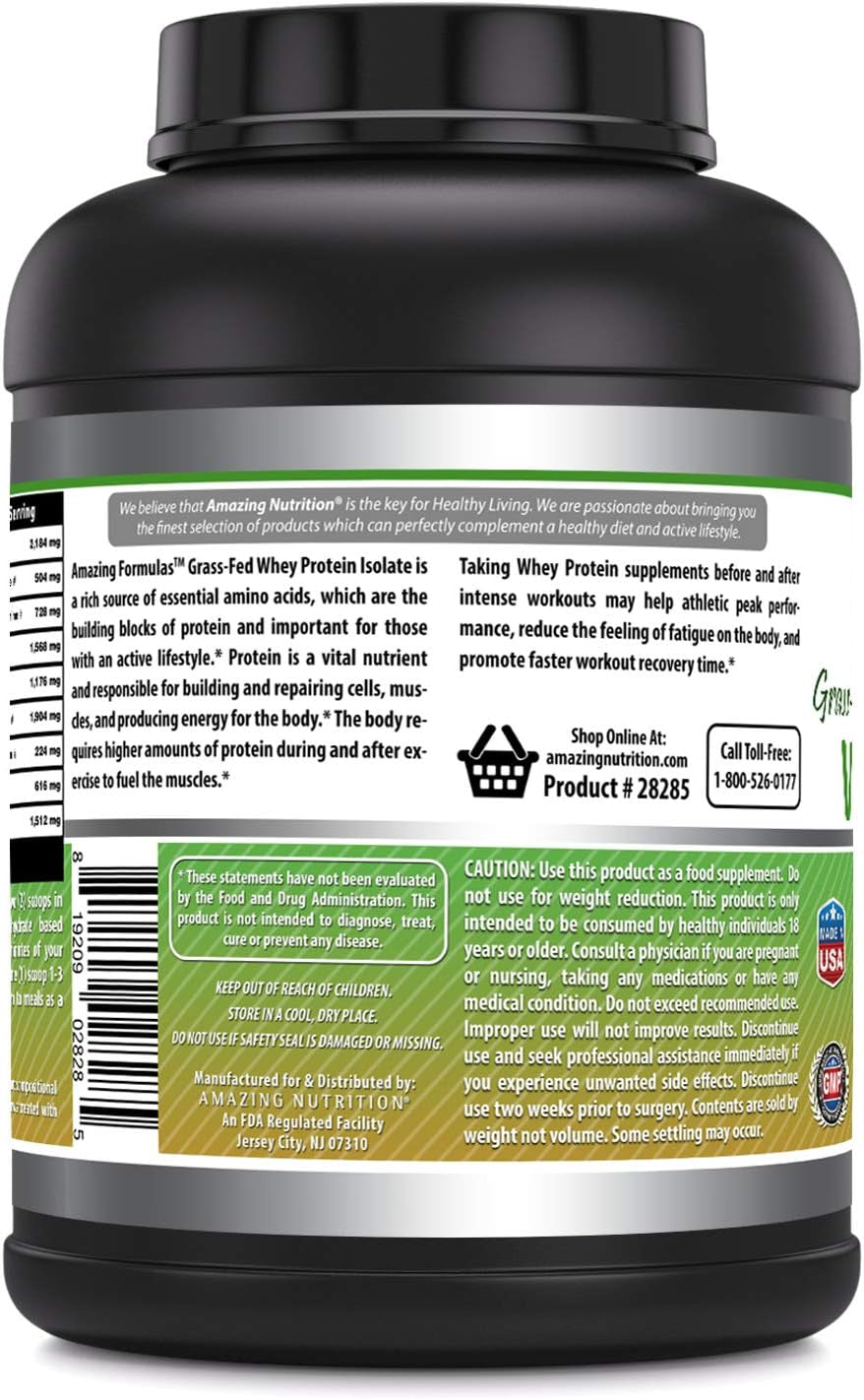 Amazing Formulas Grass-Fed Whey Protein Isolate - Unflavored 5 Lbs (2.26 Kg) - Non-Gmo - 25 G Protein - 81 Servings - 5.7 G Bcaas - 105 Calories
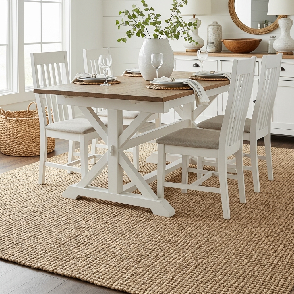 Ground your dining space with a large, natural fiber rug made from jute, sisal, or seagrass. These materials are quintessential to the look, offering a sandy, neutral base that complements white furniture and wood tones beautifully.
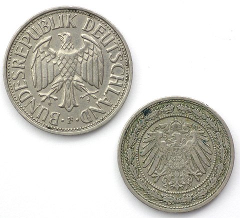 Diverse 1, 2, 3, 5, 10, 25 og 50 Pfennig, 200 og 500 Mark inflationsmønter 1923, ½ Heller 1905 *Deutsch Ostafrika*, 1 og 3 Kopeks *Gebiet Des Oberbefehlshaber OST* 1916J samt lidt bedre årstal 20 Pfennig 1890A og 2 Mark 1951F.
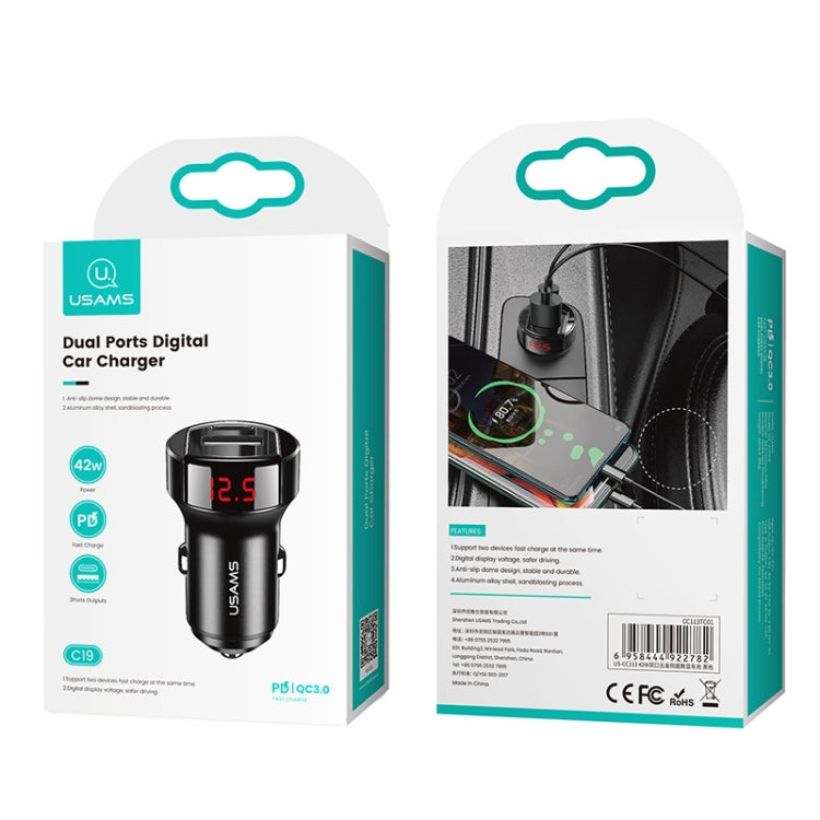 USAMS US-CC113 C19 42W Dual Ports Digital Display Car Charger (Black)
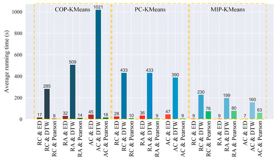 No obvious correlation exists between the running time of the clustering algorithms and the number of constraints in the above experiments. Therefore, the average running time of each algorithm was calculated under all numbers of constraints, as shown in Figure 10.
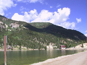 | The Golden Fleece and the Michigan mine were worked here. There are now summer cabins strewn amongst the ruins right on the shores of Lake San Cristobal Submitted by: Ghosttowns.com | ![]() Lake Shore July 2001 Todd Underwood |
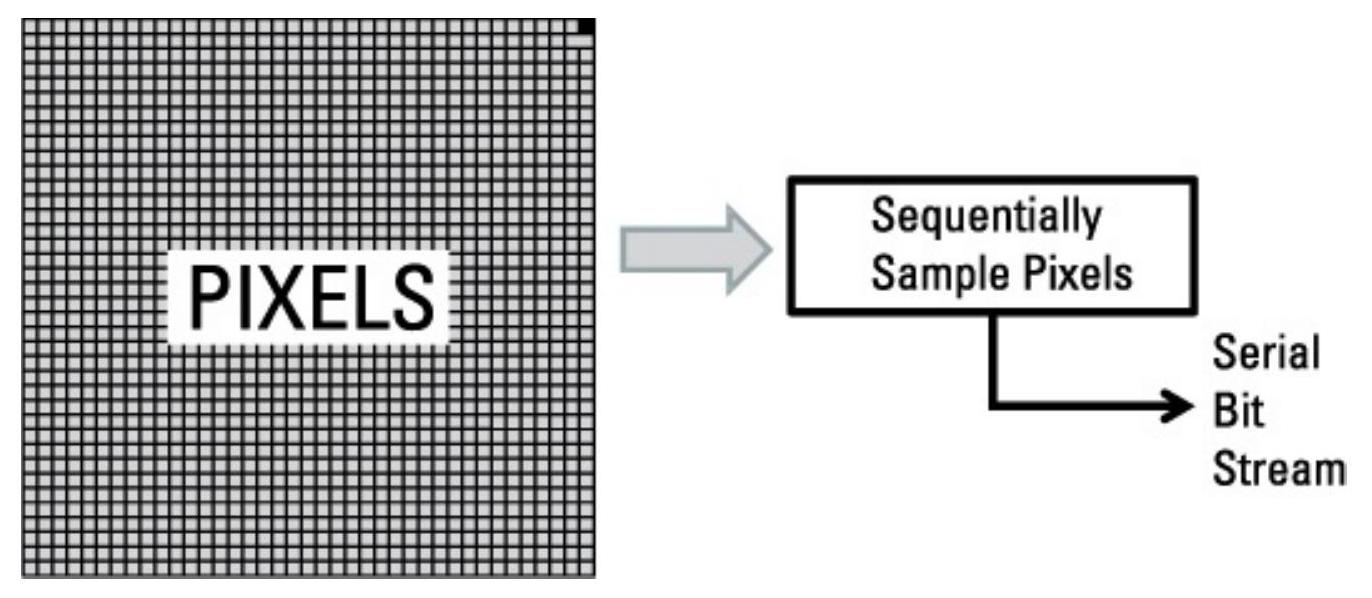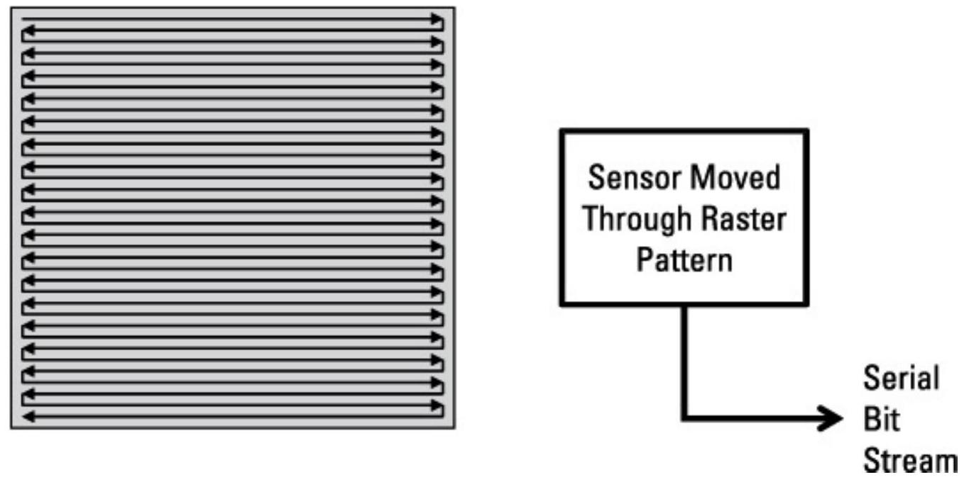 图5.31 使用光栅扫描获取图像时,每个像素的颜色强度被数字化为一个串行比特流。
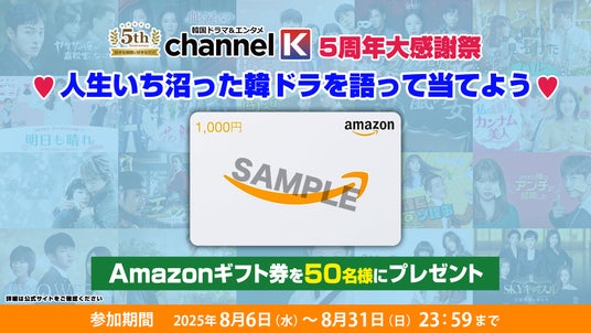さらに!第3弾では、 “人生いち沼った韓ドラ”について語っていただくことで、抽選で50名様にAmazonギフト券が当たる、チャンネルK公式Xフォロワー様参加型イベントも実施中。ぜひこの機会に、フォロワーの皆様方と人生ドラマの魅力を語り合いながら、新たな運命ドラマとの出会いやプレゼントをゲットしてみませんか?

◇ ◇ ◇ ◇ ◇ ◇ ◇

▶ WHAT TO DO:
Once the line containing "Todd Underwood |" is found, transcribe it and every line after it to the end of the records, exactly and with no pictures.

▶ TASK RESPONSE:
 | The Golden Fleece and the Michigan mine were worked here. There are now summer cabins strewn amongst the ruins right on the shores of Lake San Cristobal Submitted by: Ghosttowns.com | ![]() Lake Shore July 2001 Todd Underwood |
 图5.31 使用光栅扫描获取图像时,每个像素的颜色强度被数字化为一个串行比特流。
さらに!第3弾では、 “人生いち沼った韓ドラ”について語っていただくことで、抽選で50名様にAmazonギフト券が当たる、チャンネルK公式Xフォロワー様参加型イベントも実施中。ぜひこの機会に、フォロワーの皆様方と人生ドラマの魅力を語り合いながら、新たな運命ドラマとの出会いやプレゼントをゲットしてみませんか?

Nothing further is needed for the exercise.